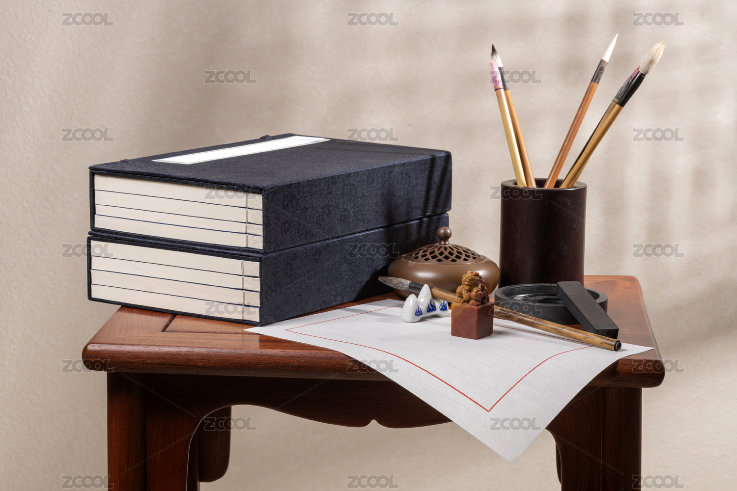 傳統(tǒng)文房四寶紙筆墨硯擺放在案臺(tái)上
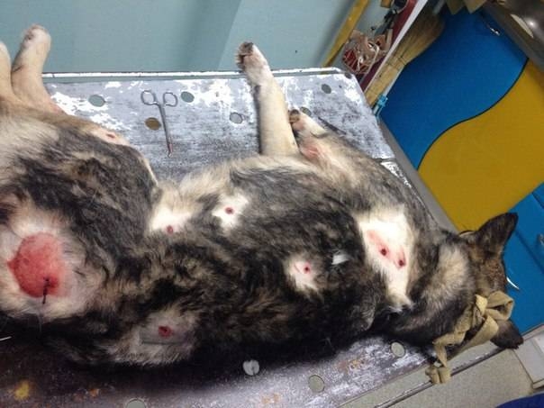 Прооперированную собаку защитники животных доставили в приют, где она находится в данный момент. Работники приюта даже придумали ей кличку - Веста. Животное пока лежит, но уже приподнимается на передних лапах. Из-за ранения горла есть еще не может, но пьет бульон.
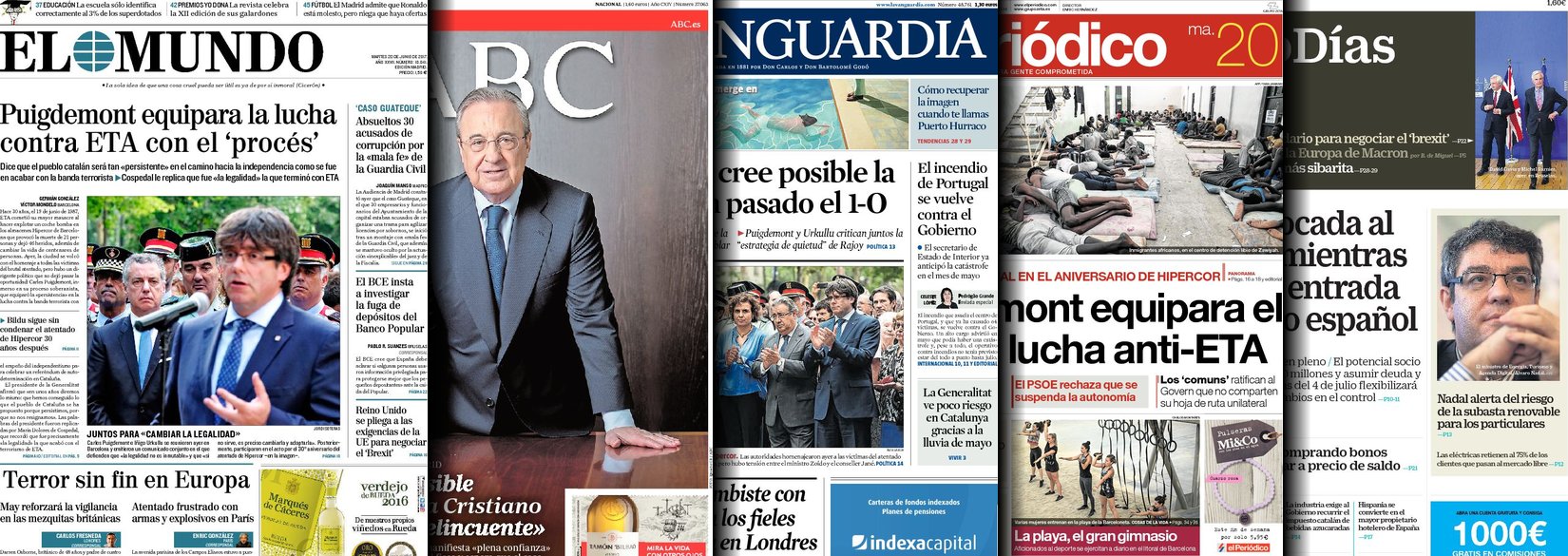 Portadas de los diarios ABC, As, Cinco Días, El Periódico y La Vanguardia.
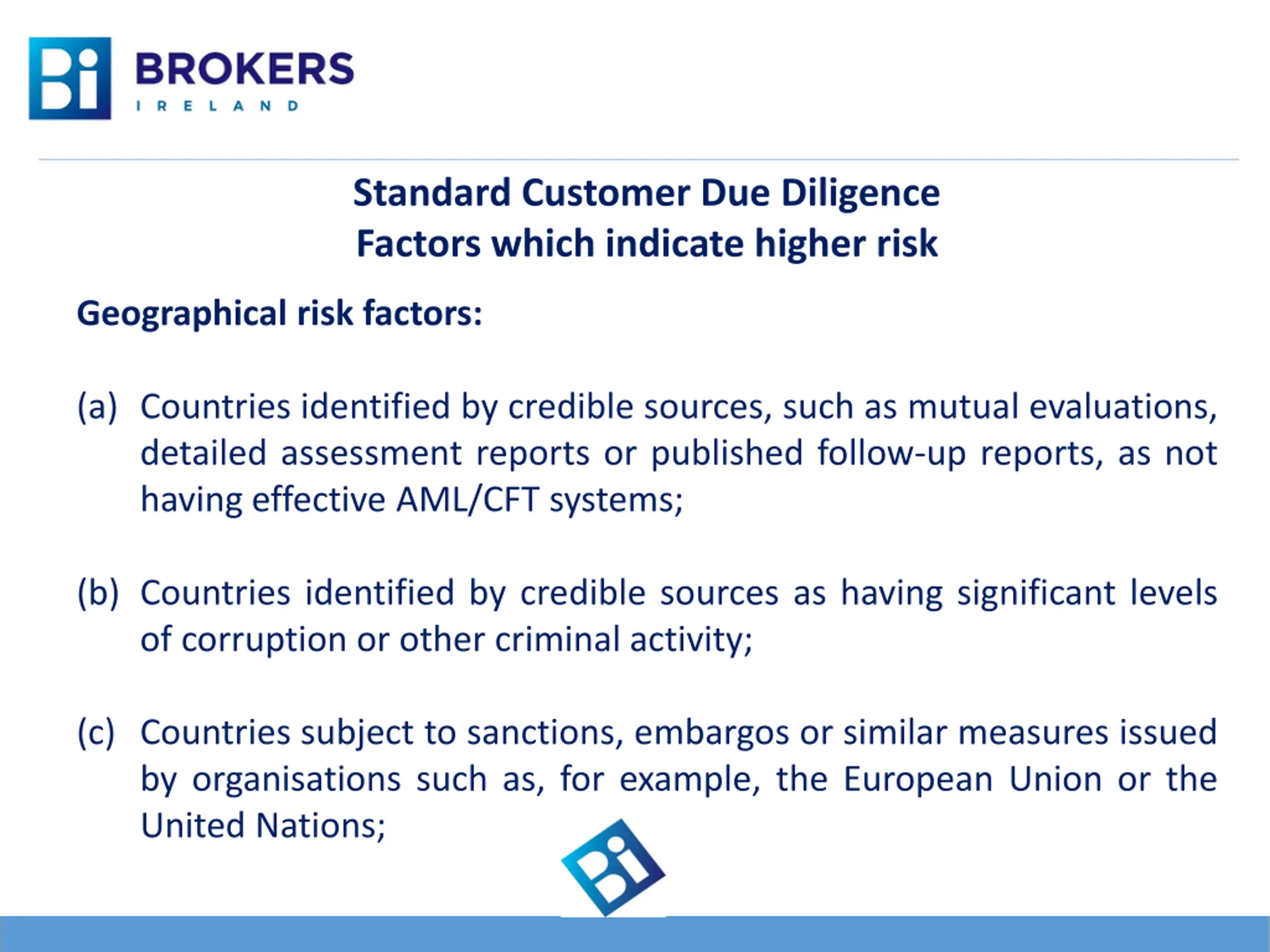 Standard Customer Due Diligence Factors which indicate higher risk Geographical risk factors: (a) Countries identified by credible sources, such as mutual evaluations, detailed assessment reports or published follow-up reports, as not having effective AML/CFT systems; (b) Countries identified by credible sources as having significant levels of corruption or other criminal activity; (c) Countries subject to sanctions, embargos or similar measures issued by organisations such as, for example, the European Union or the United Nations;
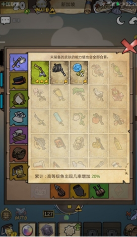 skin:收集的鱼竿,装扮等,能小小的满足下喜欢收集的玩家的需求
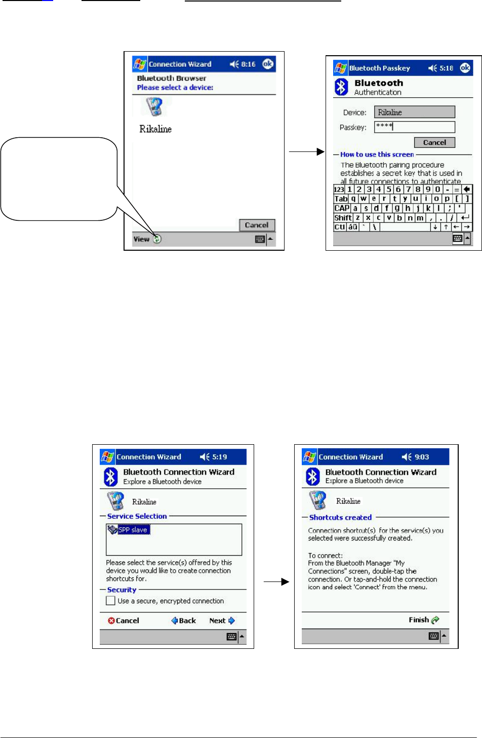 you have to click “Serial Port” in Bluetooth setting window in your PDA/PC, and then mark “Authorization

────────

• **TASK BRIEF**
Your copy should hold exactly the lines from the one with "Прооперированную собаку защитники" through the final line of the records, both ends included, and no pictures.

• **EXERCISE RESPONSE**
 Прооперированную собаку защитники животных доставили в приют, где она находится в данный момент. Работники приюта даже придумали ей кличку - Веста. Животное пока лежит, но уже приподнимается на передних лапах. Из-за ранения горла есть еще не может, но пьет бульон.
 Portadas de los diarios ABC, As, Cinco Días, El Periódico y La Vanguardia.
 Standard Customer Due Diligence Factors which indicate higher risk Geographical risk factors: (a) Countries identified by credible sources, such as mutual evaluations, detailed assessment reports or published follow-up reports, as not having effective AML/CFT systems; (b) Countries identified by credible sources as having significant levels of corruption or other criminal activity; (c) Countries subject to sanctions, embargos or similar measures issued by organisations such as, for example, the European Union or the United Nations;
 skin:收集的鱼竿,装扮等,能小小的满足下喜欢收集的玩家的需求
 you have to click “Serial Port” in Bluetooth setting window in your PDA/PC, and then mark “Authorization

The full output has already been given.